Areas denuded of vegetation by summer wildfires, such as stretches of land scorched by the Rocky fire, are under threat of mudslides and flooding from the Pacific storm that hit Northern California Sunday and Monday.
Areas denuded of vegetation by summer wildfires, such as stretches of land scorched by the Rocky fire, are under threat of mudslides and flooding from the Pacific storm that hit Northern California Sunday and Monday. AP

The National Weather Service announced shortly after 6 p.m. Monday that the threat of debris flows in areas affected by the Rocky, Jerusalem and Valley fires had ended.

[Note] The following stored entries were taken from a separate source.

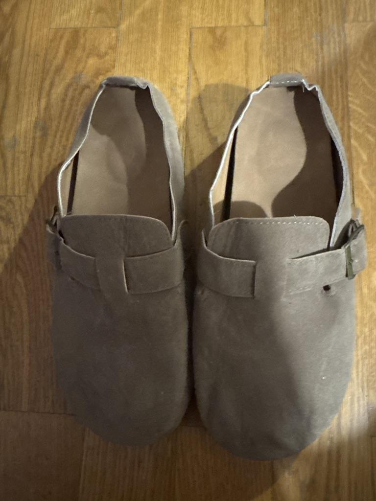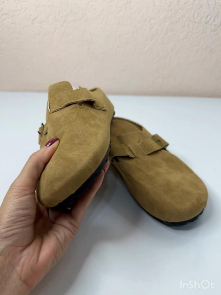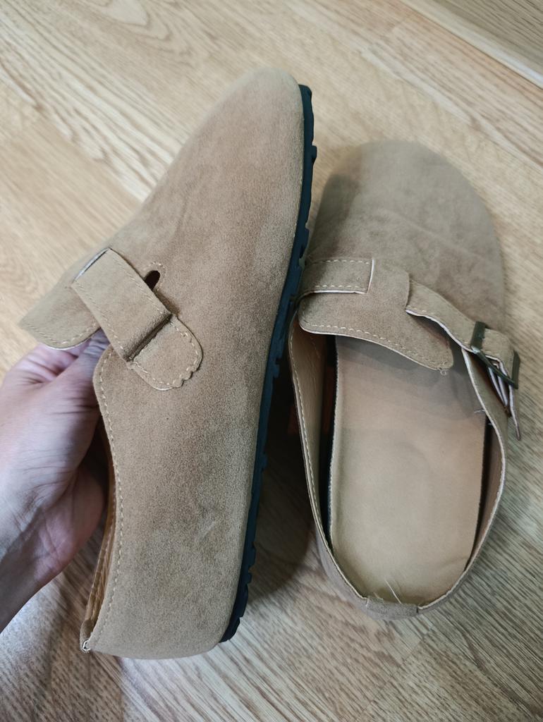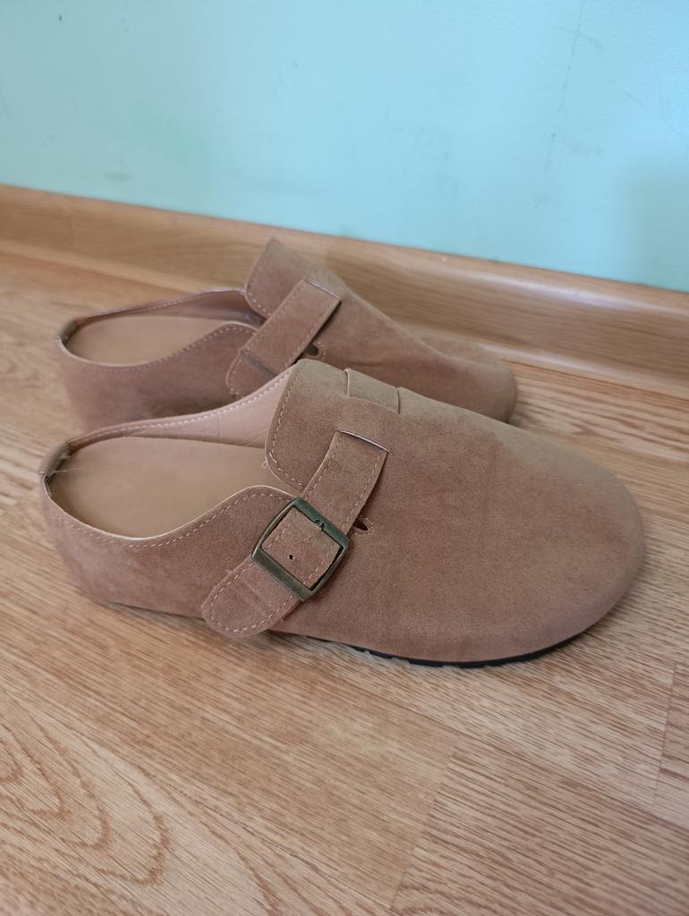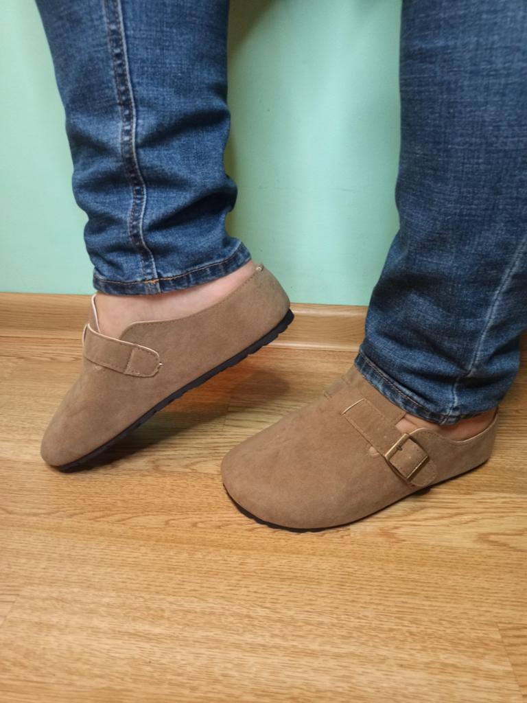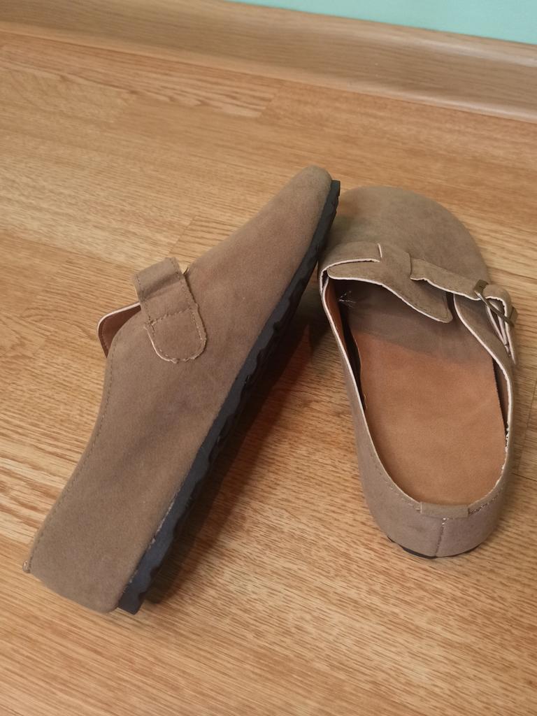Women's clogs Interesting pair of shoes, they look nice. For a foot of 24.5 cm, I took size 39. Made of suede-like material. They go on a thick sole. Don't fall off while walking, comfortable. There are different colors to choose from.
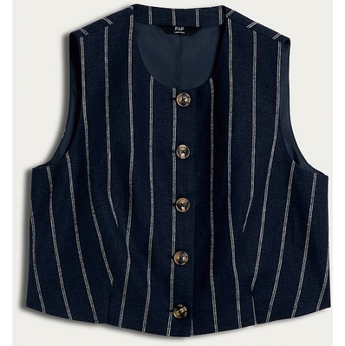The F&F Edit Linen Rich Stripe Co-ord Waistcoat in Navy
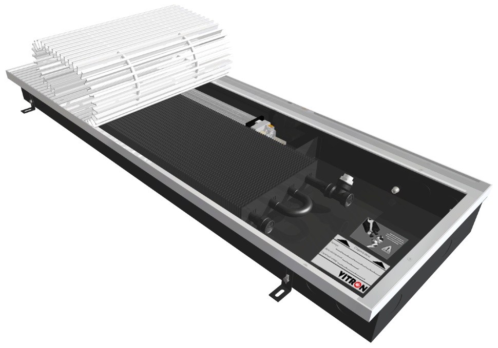 Внутрипольный конвектор с принудительной конвекцией. Применяется в качестве основного отопительного прибора в помещениях с небольшими потребностями в отоплении или вспомогательного отопительного прибора с системами тёплого пола, вентиляции, радиаторного водяного отопления. Может быть установлен как в однотрубную, так и в двухтрубную систему отопления.
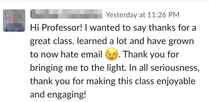 The vast majority of my former students enjoyed my teaching style and overall energy. It’s great when they pick up what I put down.

Flash flood warnings for portions of Colusa, Lake and Yolo counties were issued early Monday afternoon.

As of about 1:30 p.m., Doppler radar indicated heavy rain across the Rocky and Jerusalem fire burn area and more than a half-inch of rain had fallen in the previous 30 minutes, according to the Weather Service. The rains raised concerns about potential debris flows, consisting of rock, mud, vegetation and other loose materials.

Locations threatened by potential flooding included Middletown, Loch Lomond, Ettawa Springs, Seigler Springs, Anderson Springs, Adams, Whispering Pines, Hobergs, Forest Lake, Hidden Valley Lake, Lower Lake and Cobb.

Officials warned people to move away from recently burned areas, and motorists were advised to use caution and not to try to cross flooded roadways or creeks.